November 8, 2011 at 6:06 pm 4 comments


This is my story of how I accidentally trained Dice NOT to tug while I was trying to train the opposite…

“Get your dog to tug,” for some of us these are the dreaded words we hear from our agility instructors.  We worry that the dog won’t tug and that people are watching. We try to make ourselves seem fun and exciting to the dog by running back and forth while inwardly hoping that they latch on for just a few seconds as the dog looks more and more stressed.  Are you getting anxious just thinking about it? I know I am.  One of the most common problems I find myself addressing in regards to agility training is dogs that don’t naturally want to tug. Can you train them to tug? Absolutely. But you can also teach them to show anxiety when you show them a tug toy, which is what I inadvertently taught Dice to do.  So what’s the difference? I’ve found it has a great deal to do with our body language.

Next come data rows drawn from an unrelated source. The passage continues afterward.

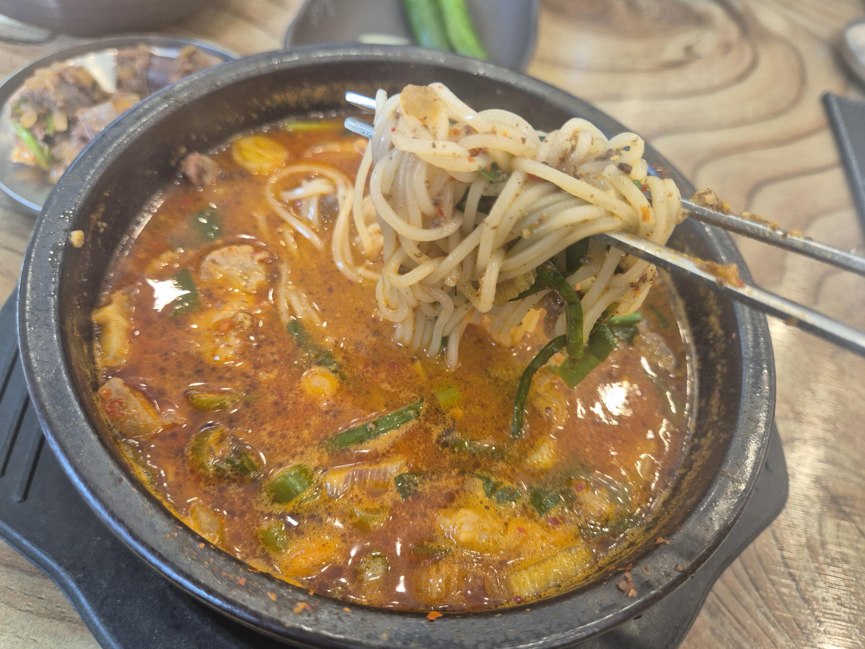 매콤한 순대국에 소면을 한가득 넣어서 후루룩.
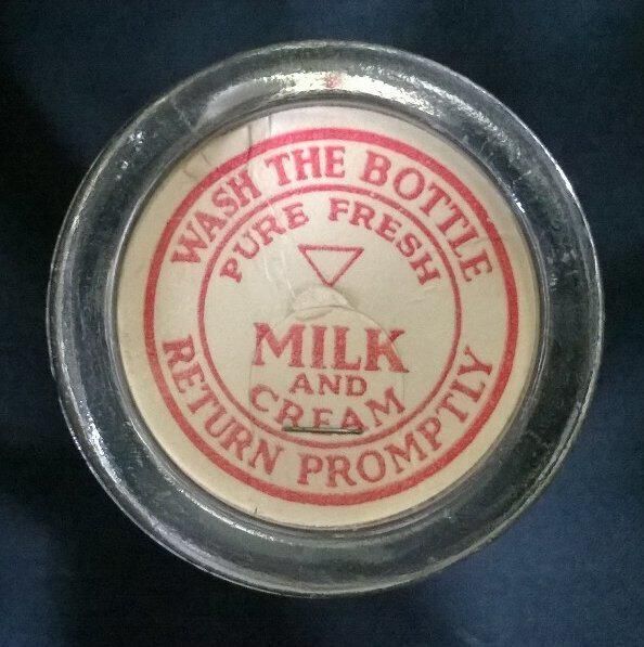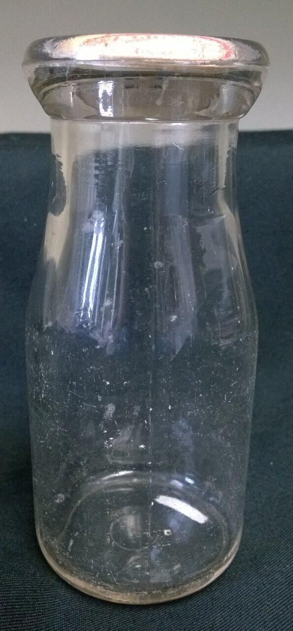 Clear glass round half pint milk bottle with cardboard lid. Printed in red on the cardboard lid is: "Wash the bottle, return promptly, Pure fresh milk and cream." On the side near the bottom is embossed "half pint." There are mold seams on opposite sides that extend from the bottom up to but not over the lip. There are horizontal seams at the bottom and at the lip. On the bottom is embossed "23" and "9" and two crossed ovals.Made/Created
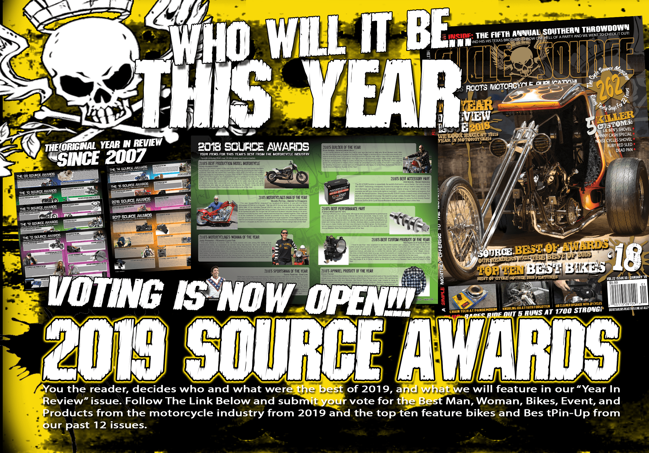 We’re asking for the people of the motorcycle community to help give credit where credit is due for our annual “Source Awards.” Follow the link below, only takes a couple of minutes and helps mark another great year doing what we all love. Hurry, only open for 2 days!!!!

                 It’s no secret that dogs read body language. This is their main form of communication between one another and with us as well. It makes sense that if we are feeling anxious towards what we are trying to train (eg. tugging) that our dogs will pick up on that stress to some extent. In this way we can transfer that anxiety onto the act of tugging while we are actually trying to encourage it. Many of us unknowingly do this and then get increasingly more anxious as the dog refuses more often. Eventually it becomes both a stress trigger for the handler as well as the dog. Sometimes this can start from another stress trigger. With Dice, it began as general stress when she was in a new environment. Because she was worried about her surroundings, she was reluctant to tug. The more I tried to “be fun” while inwardly being worried that she wouldn’t tug, the more she would shut down. The more often this happened, the greater the anxiety became for both of us. It progressed to the point where if I brought out a toy that I had previously tried to get her to tug with while she was stressed she would shut down immediately. I decided I could either buy a brand new toy every time I wanted to train, or I had to get to the root of this tugging problem. I chose the latter J

                There were certain things that Dice was almost always comfortable tugging with at that time: my fabric watch band, and the sleeve of my sweater. I realized that any time I would ask myself “is she going to tug?” I would get an instant stress response from her and she would shut down and look worried. I decided to hold off on doing any specific agility training and just work on my relationship with her. I now realize there was never any stress associated with my watch band or my sweater since I didn’t use them in specific training. I only used them when I was just playing with my dog around the house or absentmindedly in between exercises. I decided to use a few toys at home in the same manner and not worry if she didn’t tug with them right away.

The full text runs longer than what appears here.